(Beginning of Data section)

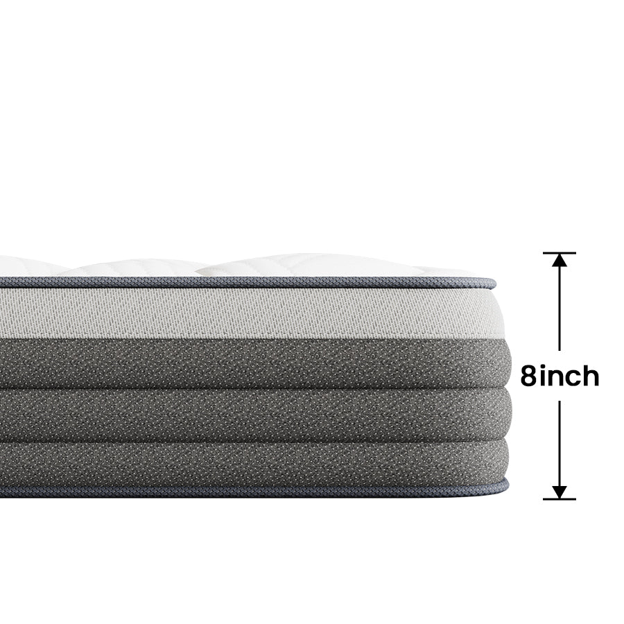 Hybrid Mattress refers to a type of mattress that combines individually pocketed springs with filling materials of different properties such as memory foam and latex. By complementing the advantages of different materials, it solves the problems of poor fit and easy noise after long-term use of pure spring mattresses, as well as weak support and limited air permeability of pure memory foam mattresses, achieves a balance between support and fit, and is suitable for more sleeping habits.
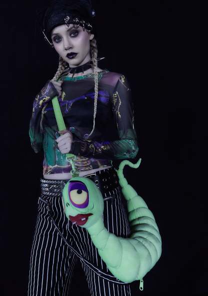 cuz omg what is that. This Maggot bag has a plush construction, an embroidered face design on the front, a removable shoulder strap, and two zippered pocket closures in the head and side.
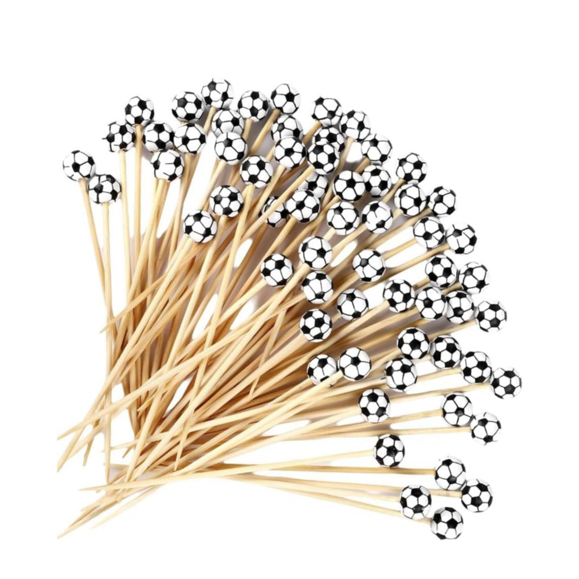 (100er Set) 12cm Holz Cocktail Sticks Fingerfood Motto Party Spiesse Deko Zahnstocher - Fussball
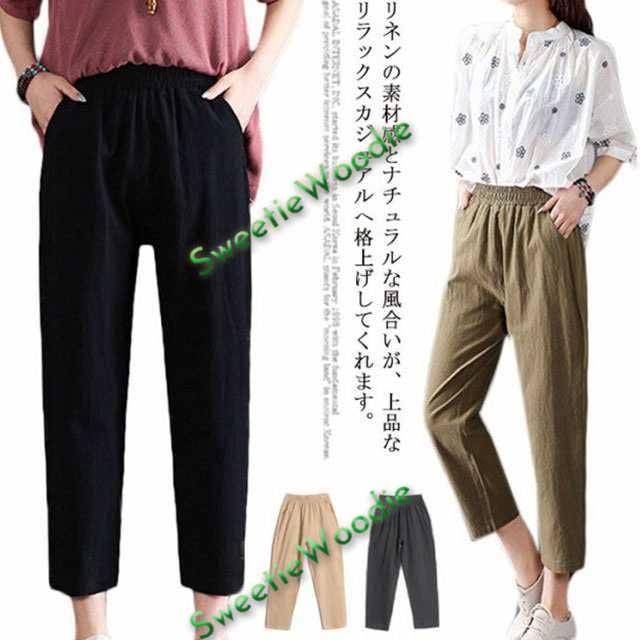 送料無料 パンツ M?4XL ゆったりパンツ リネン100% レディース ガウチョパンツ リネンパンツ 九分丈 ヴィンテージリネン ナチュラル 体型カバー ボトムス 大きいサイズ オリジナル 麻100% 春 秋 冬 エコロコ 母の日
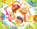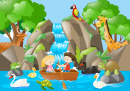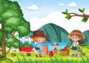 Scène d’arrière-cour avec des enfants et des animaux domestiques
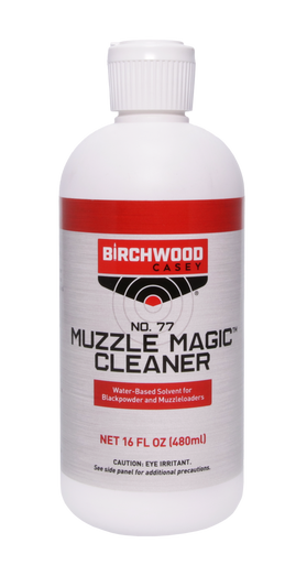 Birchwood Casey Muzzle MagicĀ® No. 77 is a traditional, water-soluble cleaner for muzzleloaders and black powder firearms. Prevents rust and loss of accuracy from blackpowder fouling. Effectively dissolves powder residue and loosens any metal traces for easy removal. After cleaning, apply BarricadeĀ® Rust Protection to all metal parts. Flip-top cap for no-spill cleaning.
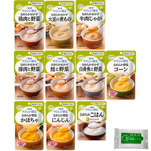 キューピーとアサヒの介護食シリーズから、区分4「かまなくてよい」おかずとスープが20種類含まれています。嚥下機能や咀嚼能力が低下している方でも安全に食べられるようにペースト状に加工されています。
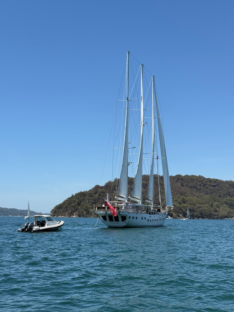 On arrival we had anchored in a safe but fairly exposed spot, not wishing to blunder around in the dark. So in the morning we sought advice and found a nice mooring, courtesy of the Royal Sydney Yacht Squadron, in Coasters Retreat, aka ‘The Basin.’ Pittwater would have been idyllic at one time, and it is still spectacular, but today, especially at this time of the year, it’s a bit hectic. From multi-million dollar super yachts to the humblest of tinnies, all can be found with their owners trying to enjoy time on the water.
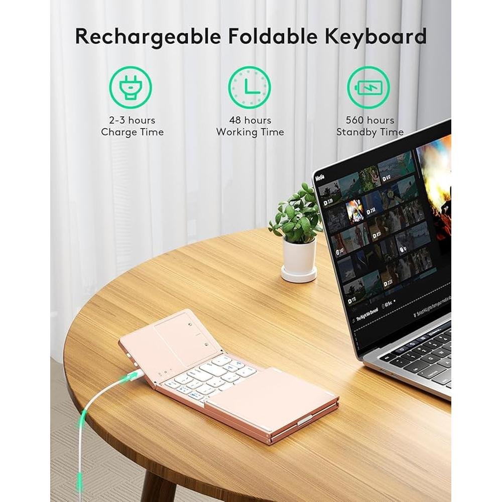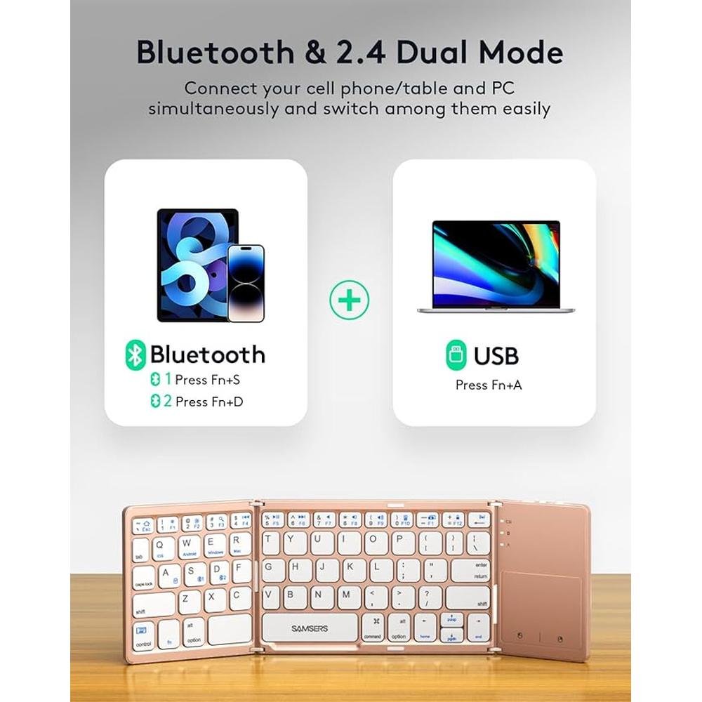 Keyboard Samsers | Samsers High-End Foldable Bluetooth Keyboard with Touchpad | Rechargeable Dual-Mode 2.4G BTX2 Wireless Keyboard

(End of Data section)
(Beginning of Data section)

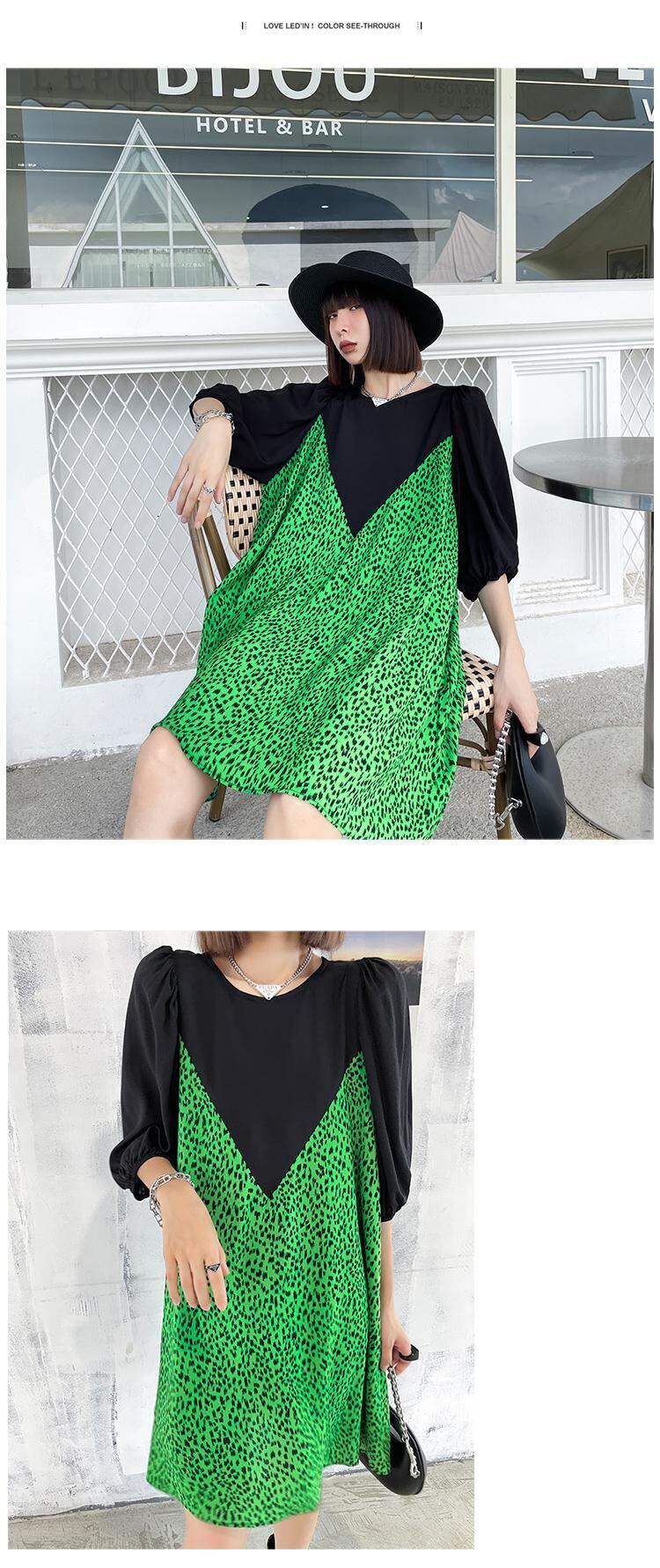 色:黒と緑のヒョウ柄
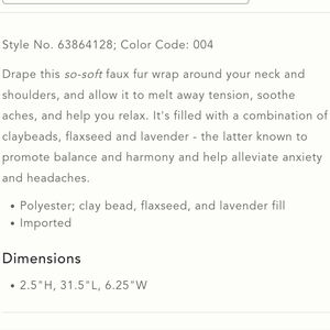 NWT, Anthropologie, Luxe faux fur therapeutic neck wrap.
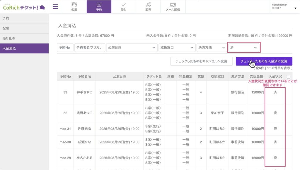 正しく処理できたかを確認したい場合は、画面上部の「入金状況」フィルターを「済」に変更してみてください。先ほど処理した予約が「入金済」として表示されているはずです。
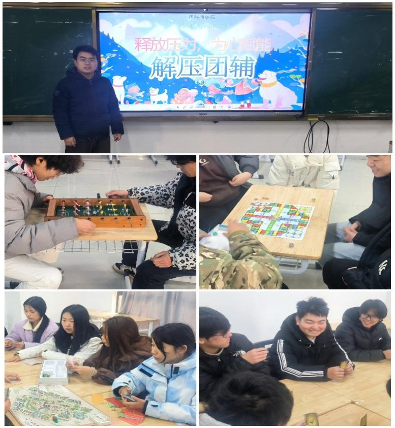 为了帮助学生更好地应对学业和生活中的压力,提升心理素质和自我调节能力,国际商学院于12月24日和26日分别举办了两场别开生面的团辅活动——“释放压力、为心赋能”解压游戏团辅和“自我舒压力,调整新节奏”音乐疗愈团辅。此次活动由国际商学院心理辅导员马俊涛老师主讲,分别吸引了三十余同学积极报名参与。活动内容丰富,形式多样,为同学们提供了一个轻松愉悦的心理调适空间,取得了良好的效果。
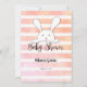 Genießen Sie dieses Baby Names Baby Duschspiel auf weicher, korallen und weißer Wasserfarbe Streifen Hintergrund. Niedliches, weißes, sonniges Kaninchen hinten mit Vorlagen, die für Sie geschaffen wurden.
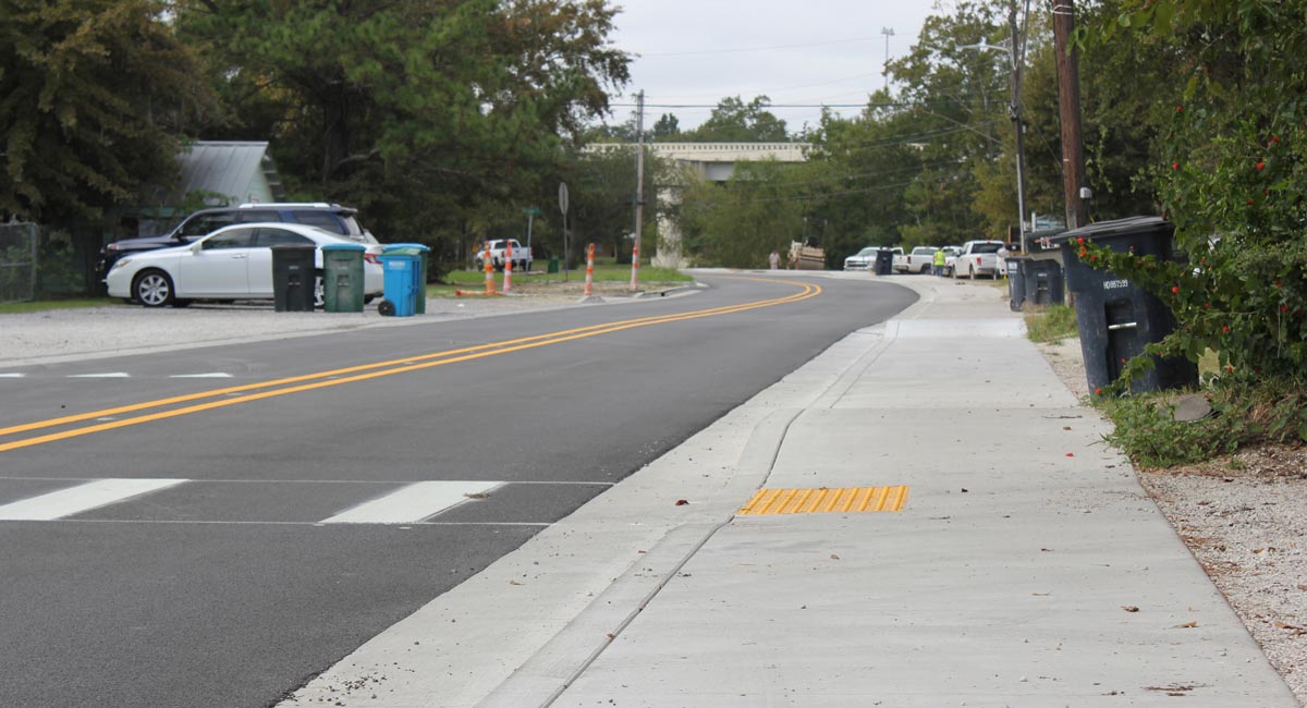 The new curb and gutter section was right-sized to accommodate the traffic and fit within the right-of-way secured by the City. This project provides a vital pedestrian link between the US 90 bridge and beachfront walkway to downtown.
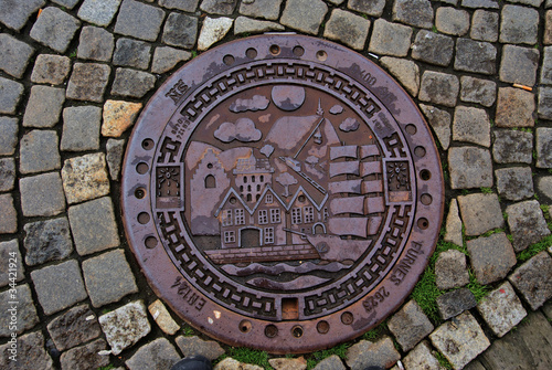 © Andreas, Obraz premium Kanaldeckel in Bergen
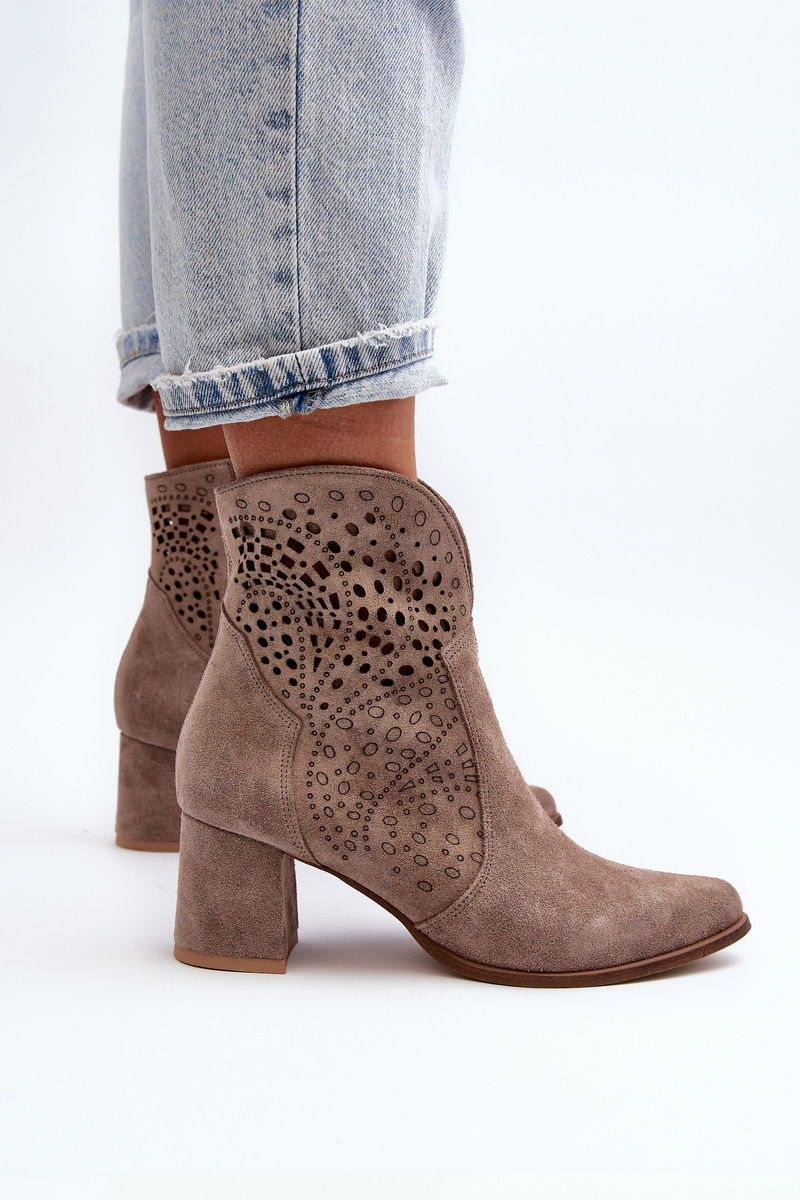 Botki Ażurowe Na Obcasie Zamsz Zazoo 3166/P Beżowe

(End of Data section)
(Beginning of Data section)

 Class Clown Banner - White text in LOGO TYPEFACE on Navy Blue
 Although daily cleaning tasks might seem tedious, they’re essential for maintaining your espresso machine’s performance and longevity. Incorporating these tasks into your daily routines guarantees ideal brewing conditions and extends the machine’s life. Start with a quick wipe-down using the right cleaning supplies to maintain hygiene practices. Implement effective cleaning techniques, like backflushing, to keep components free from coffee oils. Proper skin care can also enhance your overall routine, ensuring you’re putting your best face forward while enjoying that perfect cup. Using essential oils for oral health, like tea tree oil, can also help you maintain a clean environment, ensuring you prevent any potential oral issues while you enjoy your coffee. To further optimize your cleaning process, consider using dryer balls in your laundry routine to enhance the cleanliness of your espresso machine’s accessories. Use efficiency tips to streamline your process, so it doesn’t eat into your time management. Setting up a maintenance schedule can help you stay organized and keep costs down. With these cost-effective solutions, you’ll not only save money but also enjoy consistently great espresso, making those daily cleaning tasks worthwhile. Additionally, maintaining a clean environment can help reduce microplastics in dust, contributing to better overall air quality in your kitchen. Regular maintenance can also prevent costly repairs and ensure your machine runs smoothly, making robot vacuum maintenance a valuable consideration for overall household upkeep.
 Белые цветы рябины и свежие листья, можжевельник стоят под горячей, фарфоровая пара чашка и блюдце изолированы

(End of Data section)

• Task instructions
Return only the part above that opens with the line containing "NWT, Anthropologie, Luxe" and closes with the line containing "为了帮助学生更好地应对学业和", exactly and with both ends, skipping the pictures.

• Written response
 NWT, Anthropologie, Luxe faux fur therapeutic neck wrap.
 正しく処理できたかを確認したい場合は、画面上部の「入金状況」フィルターを「済」に変更してみてください。先ほど処理した予約が「入金済」として表示されているはずです。
 为了帮助学生更好地应对学业和生活中的压力,提升心理素质和自我调节能力,国际商学院于12月24日和26日分别举办了两场别开生面的团辅活动——“释放压力、为心赋能”解压游戏团辅和“自我舒压力,调整新节奏”音乐疗愈团辅。此次活动由国际商学院心理辅导员马俊涛老师主讲,分别吸引了三十余同学积极报名参与。活动内容丰富,形式多样,为同学们提供了一个轻松愉悦的心理调适空间,取得了良好的效果。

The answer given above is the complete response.